**Assignment:**
Set out exactly, and only, the lines running from the one containing "Frequency distribution of" to the bottom of the listing below; pictures stay out.

**Data block:**
======

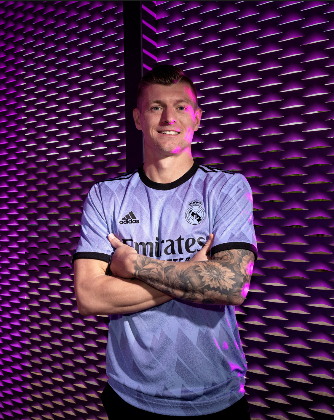 皇马与阿迪达斯共同发布了球队2022/23赛季客场球衣。球衣整体以紫色为主色调,结合阿迪达斯经典的三条纹点缀,领口采用圆领,使用黑色为主色。球衣上的几何图案灵感来自于阿迪达斯90年代球衣的经典设计。7月30日,皇马将在对阵尤文图斯的季前热身赛上身穿这件球衣。
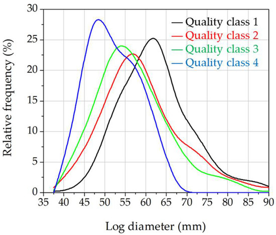 Frequency distribution of diameter of spruce logs from various quality classes (Q1 and Q2—veneer log quality, Q3 and Q4—sawlog quality).
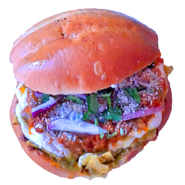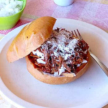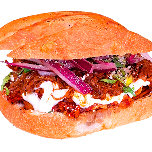 Torta de carne de res deshebrada bañada en deliciosa salsa de birria, hecha con bolillo y acompañada de cebolla, cilantro y limón.

======

**Result of this exercise:**
 Frequency distribution of diameter of spruce logs from various quality classes (Q1 and Q2—veneer log quality, Q3 and Q4—sawlog quality).
 Torta de carne de res deshebrada bañada en deliciosa salsa de birria, hecha con bolillo y acompañada de cebolla, cilantro y limón.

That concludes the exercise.